- _Problem statement_: Every entry is to be returned exactly as it stands; the pictures are to be dropped.
[Provided records — start]
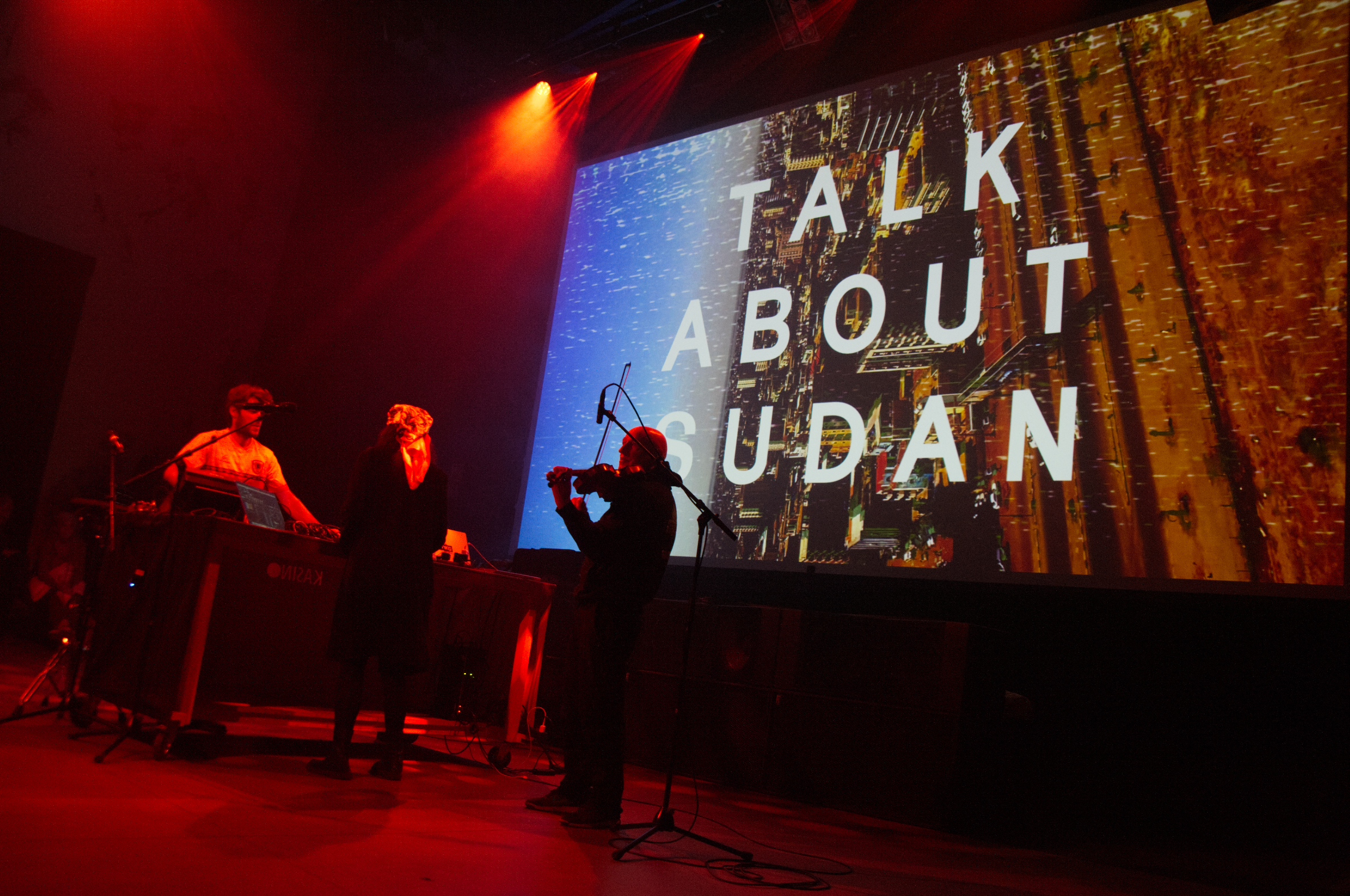 Die Visuals waren sehr stark, ob es sich dabei nun um Handy-Aufnahmen aus den besagten Krisengebieten handelte, ob es abstrakte Flächen waren oder ob es sich um in die deutsche Sprache übersetzte Auszüge aus den Träumen von Guefif oder die Übersetzung verschiedener Sprachsamples handelte, sie gaben der bisweilen treibenden und dramatischen Musik Tiefe, machten diese zum perfekten Soundtrack der Erzählung der Stücke.
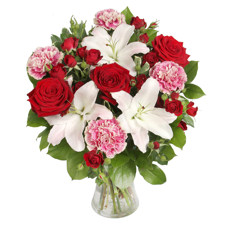 Rich red Roses, pastel pink carnations and aromatic Lilies also convey an irresistible romantic appeal.
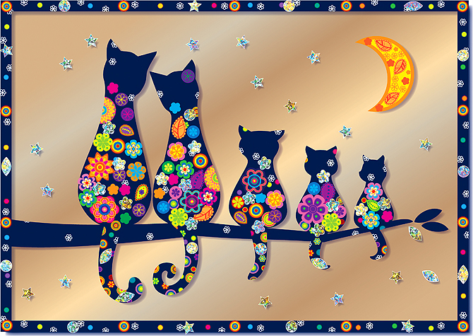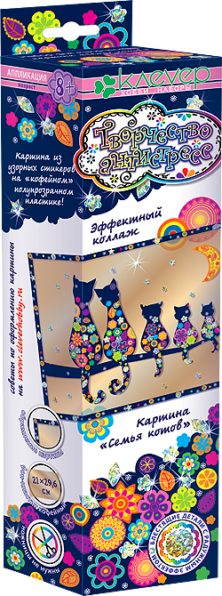 Картина-коллаж из стильных стикеров на затемнённом полупрозрачном фоне «Семья котов» понравится ребёнку старше 8 лет: он легко наклеит на пластик части рамки, силуэты ветки и всю кошачью семью, а затем украсит картину узорными и блестящими стикерами. Особенно эффектно картина смотрится на фоне узора обоев, который слегка просвечивает сквозь полупрозрачный пластик кофейного оттенка. А в рамке из багета картина-коллаж превратится в настоящий шедевр и станет ярким акцентом в любом интерьере!
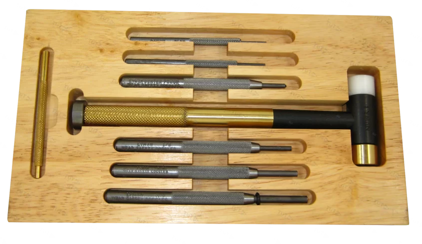 Набор включает молоток с тремя сменными головками (стальная, нейлоновая и латунная), латунный пробойник, а также выколотки 1/16", 3/32", 1/8", 5/32", 3/16" и 3/8". Комплект поставляется в специальном деревянном футляре.
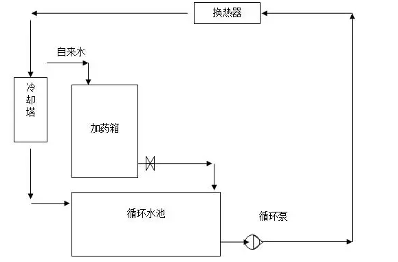 加药时用自来水稀释使用;采用连续加药方式,加药点在循环泵吸水口处,第一有利于药剂首先对换热器发生作用,第二有利于药剂持续均匀地发挥最大作用。
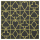 Este tecido inspirado póquer do artesanato tem um teste padrão sem emenda feito de ternos da plataforma de cartão do jogo. As pás, os trevos, os corações e os diamantes couberam junto no esboço do ouro em um fundo preto. Este tecido olhará grande em sua sala de jogo se você ama algum tipo de jogo de cartas, do póquer ao euchre, à ponte, ao whist ou ao vinte-e-um. É igualmente perfeito para um casamento temático de Las Vegas.
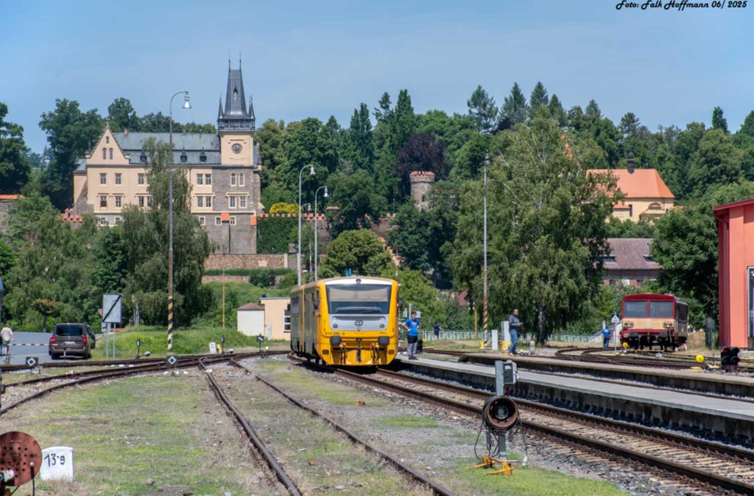 km 7,7 zwischen Český Šternberk zastávka (Böhmisch Sternberg Haltestelle / Český Šternberk zastávka) und Soběšín (Sobieschin / Soběšín)
[Provided records — finish]
- _Your response_:
 Die Visuals waren sehr stark, ob es sich dabei nun um Handy-Aufnahmen aus den besagten Krisengebieten handelte, ob es abstrakte Flächen waren oder ob es sich um in die deutsche Sprache übersetzte Auszüge aus den Träumen von Guefif oder die Übersetzung verschiedener Sprachsamples handelte, sie gaben der bisweilen treibenden und dramatischen Musik Tiefe, machten diese zum perfekten Soundtrack der Erzählung der Stücke.
 Rich red Roses, pastel pink carnations and aromatic Lilies also convey an irresistible romantic appeal.
 Картина-коллаж из стильных стикеров на затемнённом полупрозрачном фоне «Семья котов» понравится ребёнку старше 8 лет: он легко наклеит на пластик части рамки, силуэты ветки и всю кошачью семью, а затем украсит картину узорными и блестящими стикерами. Особенно эффектно картина смотрится на фоне узора обоев, который слегка просвечивает сквозь полупрозрачный пластик кофейного оттенка. А в рамке из багета картина-коллаж превратится в настоящий шедевр и станет ярким акцентом в любом интерьере!
 Набор включает молоток с тремя сменными головками (стальная, нейлоновая и латунная), латунный пробойник, а также выколотки 1/16", 3/32", 1/8", 5/32", 3/16" и 3/8". Комплект поставляется в специальном деревянном футляре.
 加药时用自来水稀释使用;采用连续加药方式,加药点在循环泵吸水口处,第一有利于药剂首先对换热器发生作用,第二有利于药剂持续均匀地发挥最大作用。
 Este tecido inspirado póquer do artesanato tem um teste padrão sem emenda feito de ternos da plataforma de cartão do jogo. As pás, os trevos, os corações e os diamantes couberam junto no esboço do ouro em um fundo preto. Este tecido olhará grande em sua sala de jogo se você ama algum tipo de jogo de cartas, do póquer ao euchre, à ponte, ao whist ou ao vinte-e-um. É igualmente perfeito para um casamento temático de Las Vegas.
 km 7,7 zwischen Český Šternberk zastávka (Böhmisch Sternberg Haltestelle / Český Šternberk zastávka) und Soběšín (Sobieschin / Soběšín)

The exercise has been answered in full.